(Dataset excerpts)
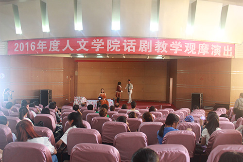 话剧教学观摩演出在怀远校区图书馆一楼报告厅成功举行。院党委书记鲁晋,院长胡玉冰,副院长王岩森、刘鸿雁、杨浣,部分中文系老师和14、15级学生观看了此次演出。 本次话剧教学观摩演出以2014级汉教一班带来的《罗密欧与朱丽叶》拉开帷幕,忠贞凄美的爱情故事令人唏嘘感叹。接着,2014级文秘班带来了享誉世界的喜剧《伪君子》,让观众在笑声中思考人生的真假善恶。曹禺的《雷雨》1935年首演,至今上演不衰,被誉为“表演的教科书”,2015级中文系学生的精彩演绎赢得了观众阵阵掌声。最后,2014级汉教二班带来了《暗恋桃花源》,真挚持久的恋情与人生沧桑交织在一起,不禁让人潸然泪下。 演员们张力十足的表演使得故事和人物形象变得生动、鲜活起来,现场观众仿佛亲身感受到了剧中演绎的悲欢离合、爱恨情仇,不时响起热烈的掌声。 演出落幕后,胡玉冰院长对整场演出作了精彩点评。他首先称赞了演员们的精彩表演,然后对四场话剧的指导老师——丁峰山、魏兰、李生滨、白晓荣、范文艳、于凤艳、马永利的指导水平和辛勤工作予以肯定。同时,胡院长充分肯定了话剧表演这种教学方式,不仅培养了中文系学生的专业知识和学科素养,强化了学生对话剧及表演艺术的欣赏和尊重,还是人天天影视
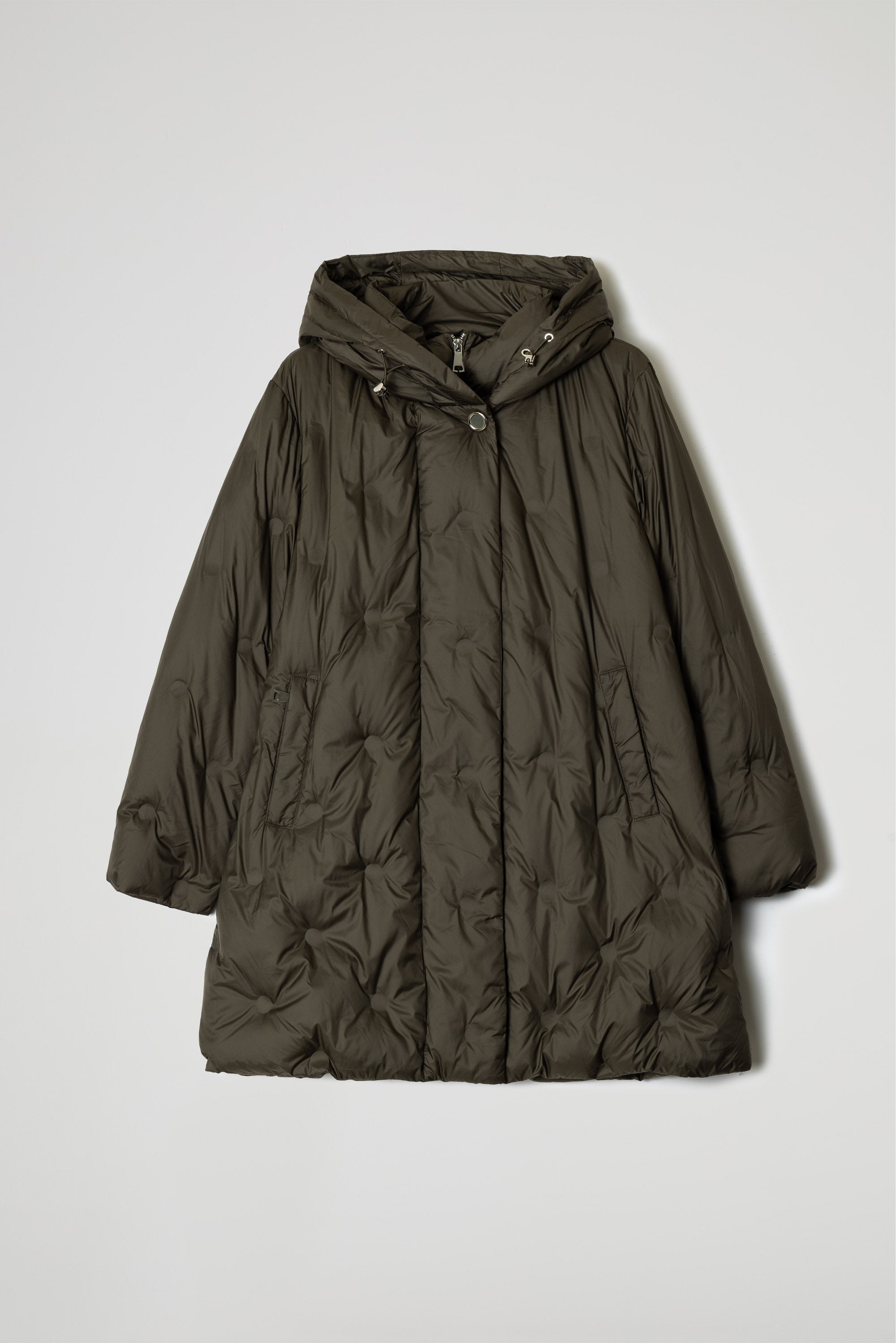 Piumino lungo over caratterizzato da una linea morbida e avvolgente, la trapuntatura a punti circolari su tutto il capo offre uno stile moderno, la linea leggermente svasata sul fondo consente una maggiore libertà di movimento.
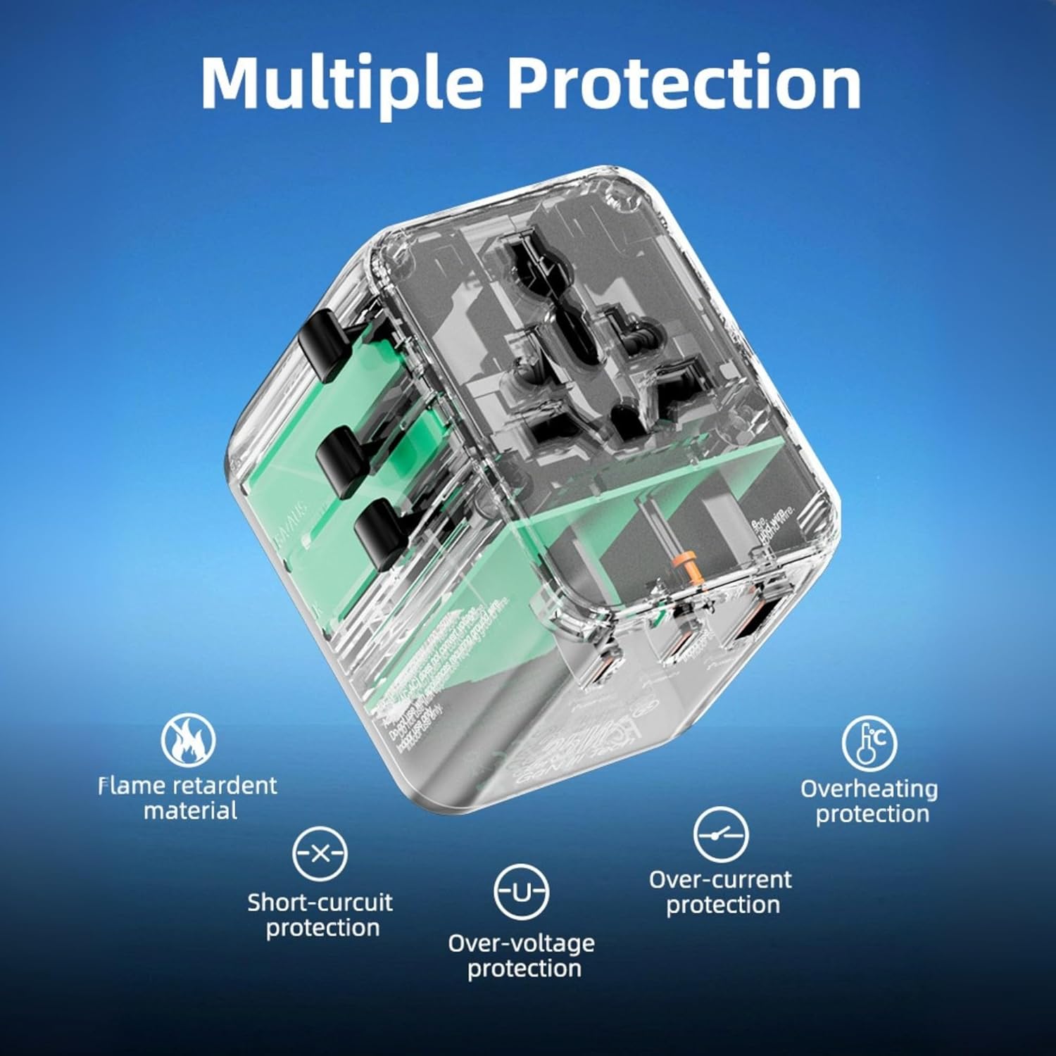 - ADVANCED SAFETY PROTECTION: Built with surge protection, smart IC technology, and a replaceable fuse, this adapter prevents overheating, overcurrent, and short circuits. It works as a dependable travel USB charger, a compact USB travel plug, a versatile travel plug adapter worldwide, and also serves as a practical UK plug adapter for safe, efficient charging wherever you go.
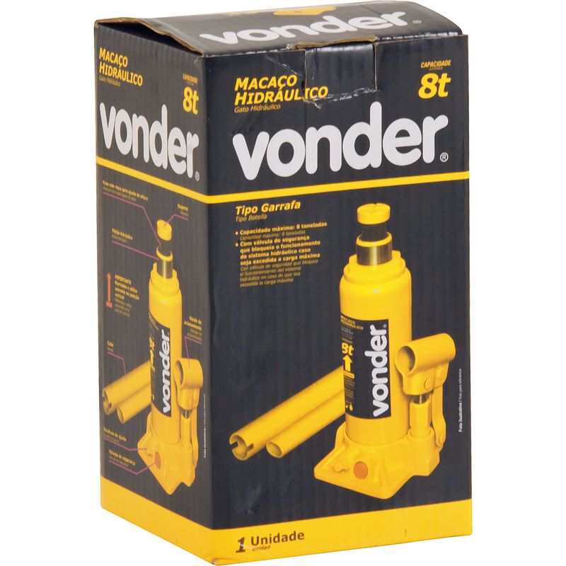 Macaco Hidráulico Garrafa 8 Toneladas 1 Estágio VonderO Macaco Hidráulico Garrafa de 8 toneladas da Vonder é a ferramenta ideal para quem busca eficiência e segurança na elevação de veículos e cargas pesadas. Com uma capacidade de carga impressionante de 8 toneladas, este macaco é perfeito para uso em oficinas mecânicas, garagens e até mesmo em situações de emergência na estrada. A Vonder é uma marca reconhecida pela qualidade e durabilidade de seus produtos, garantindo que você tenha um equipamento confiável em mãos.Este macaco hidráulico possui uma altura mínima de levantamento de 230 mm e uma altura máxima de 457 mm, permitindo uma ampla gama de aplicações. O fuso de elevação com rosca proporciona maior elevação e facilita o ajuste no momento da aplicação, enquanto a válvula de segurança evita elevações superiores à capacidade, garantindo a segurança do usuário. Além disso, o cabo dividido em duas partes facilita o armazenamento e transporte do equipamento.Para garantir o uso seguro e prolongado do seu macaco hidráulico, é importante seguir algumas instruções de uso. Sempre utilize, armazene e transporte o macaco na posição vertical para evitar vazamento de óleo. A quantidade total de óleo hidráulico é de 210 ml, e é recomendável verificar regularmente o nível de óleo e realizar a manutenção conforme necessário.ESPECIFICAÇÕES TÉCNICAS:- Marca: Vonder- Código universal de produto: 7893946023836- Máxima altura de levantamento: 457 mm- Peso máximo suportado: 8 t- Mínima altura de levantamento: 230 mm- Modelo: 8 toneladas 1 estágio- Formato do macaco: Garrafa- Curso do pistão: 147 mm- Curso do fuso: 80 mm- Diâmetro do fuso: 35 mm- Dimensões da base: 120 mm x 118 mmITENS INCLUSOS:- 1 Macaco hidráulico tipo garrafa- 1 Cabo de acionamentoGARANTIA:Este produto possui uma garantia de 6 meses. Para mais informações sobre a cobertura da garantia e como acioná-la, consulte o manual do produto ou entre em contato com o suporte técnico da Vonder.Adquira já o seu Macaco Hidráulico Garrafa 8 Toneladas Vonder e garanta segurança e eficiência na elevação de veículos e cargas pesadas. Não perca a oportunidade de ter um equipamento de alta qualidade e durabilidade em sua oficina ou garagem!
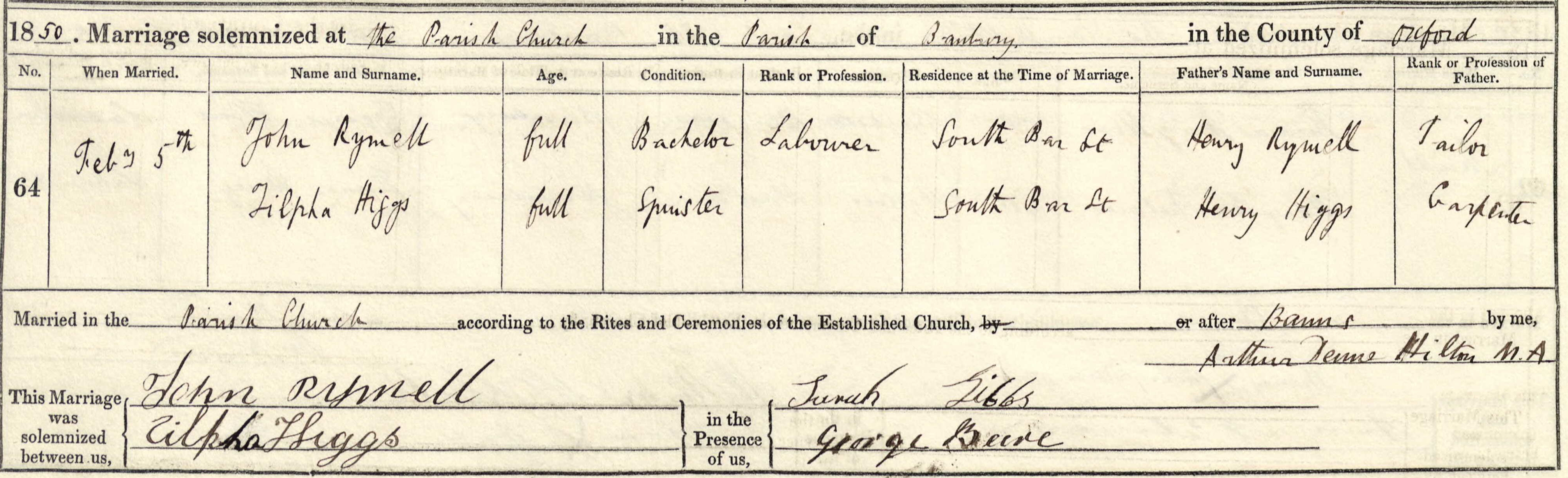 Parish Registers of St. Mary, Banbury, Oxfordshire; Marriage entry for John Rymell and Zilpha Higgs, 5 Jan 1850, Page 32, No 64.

▶ **EXERCISE**
Each record should be copied exactly, and each image left out.

▶ **EXERCISE OUTPUT**
 话剧教学观摩演出在怀远校区图书馆一楼报告厅成功举行。院党委书记鲁晋,院长胡玉冰,副院长王岩森、刘鸿雁、杨浣,部分中文系老师和14、15级学生观看了此次演出。 本次话剧教学观摩演出以2014级汉教一班带来的《罗密欧与朱丽叶》拉开帷幕,忠贞凄美的爱情故事令人唏嘘感叹。接着,2014级文秘班带来了享誉世界的喜剧《伪君子》,让观众在笑声中思考人生的真假善恶。曹禺的《雷雨》1935年首演,至今上演不衰,被誉为“表演的教科书”,2015级中文系学生的精彩演绎赢得了观众阵阵掌声。最后,2014级汉教二班带来了《暗恋桃花源》,真挚持久的恋情与人生沧桑交织在一起,不禁让人潸然泪下。 演员们张力十足的表演使得故事和人物形象变得生动、鲜活起来,现场观众仿佛亲身感受到了剧中演绎的悲欢离合、爱恨情仇,不时响起热烈的掌声。 演出落幕后,胡玉冰院长对整场演出作了精彩点评。他首先称赞了演员们的精彩表演,然后对四场话剧的指导老师——丁峰山、魏兰、李生滨、白晓荣、范文艳、于凤艳、马永利的指导水平和辛勤工作予以肯定。同时,胡院长充分肯定了话剧表演这种教学方式,不仅培养了中文系学生的专业知识和学科素养,强化了学生对话剧及表演艺术的欣赏和尊重,还是人天天影视
 Piumino lungo over caratterizzato da una linea morbida e avvolgente, la trapuntatura a punti circolari su tutto il capo offre uno stile moderno, la linea leggermente svasata sul fondo consente una maggiore libertà di movimento.
 - ADVANCED SAFETY PROTECTION: Built with surge protection, smart IC technology, and a replaceable fuse, this adapter prevents overheating, overcurrent, and short circuits. It works as a dependable travel USB charger, a compact USB travel plug, a versatile travel plug adapter worldwide, and also serves as a practical UK plug adapter for safe, efficient charging wherever you go.
 Macaco Hidráulico Garrafa 8 Toneladas 1 Estágio VonderO Macaco Hidráulico Garrafa de 8 toneladas da Vonder é a ferramenta ideal para quem busca eficiência e segurança na elevação de veículos e cargas pesadas. Com uma capacidade de carga impressionante de 8 toneladas, este macaco é perfeito para uso em oficinas mecânicas, garagens e até mesmo em situações de emergência na estrada. A Vonder é uma marca reconhecida pela qualidade e durabilidade de seus produtos, garantindo que você tenha um equipamento confiável em mãos.Este macaco hidráulico possui uma altura mínima de levantamento de 230 mm e uma altura máxima de 457 mm, permitindo uma ampla gama de aplicações. O fuso de elevação com rosca proporciona maior elevação e facilita o ajuste no momento da aplicação, enquanto a válvula de segurança evita elevações superiores à capacidade, garantindo a segurança do usuário. Além disso, o cabo dividido em duas partes facilita o armazenamento e transporte do equipamento.Para garantir o uso seguro e prolongado do seu macaco hidráulico, é importante seguir algumas instruções de uso. Sempre utilize, armazene e transporte o macaco na posição vertical para evitar vazamento de óleo. A quantidade total de óleo hidráulico é de 210 ml, e é recomendável verificar regularmente o nível de óleo e realizar a manutenção conforme necessário.ESPECIFICAÇÕES TÉCNICAS:- Marca: Vonder- Código universal de produto: 7893946023836- Máxima altura de levantamento: 457 mm- Peso máximo suportado: 8 t- Mínima altura de levantamento: 230 mm- Modelo: 8 toneladas 1 estágio- Formato do macaco: Garrafa- Curso do pistão: 147 mm- Curso do fuso: 80 mm- Diâmetro do fuso: 35 mm- Dimensões da base: 120 mm x 118 mmITENS INCLUSOS:- 1 Macaco hidráulico tipo garrafa- 1 Cabo de acionamentoGARANTIA:Este produto possui uma garantia de 6 meses. Para mais informações sobre a cobertura da garantia e como acioná-la, consulte o manual do produto ou entre em contato com o suporte técnico da Vonder.Adquira já o seu Macaco Hidráulico Garrafa 8 Toneladas Vonder e garanta segurança e eficiência na elevação de veículos e cargas pesadas. Não perca a oportunidade de ter um equipamento de alta qualidade e durabilidade em sua oficina ou garagem!
 Parish Registers of St. Mary, Banbury, Oxfordshire; Marriage entry for John Rymell and Zilpha Higgs, 5 Jan 1850, Page 32, No 64.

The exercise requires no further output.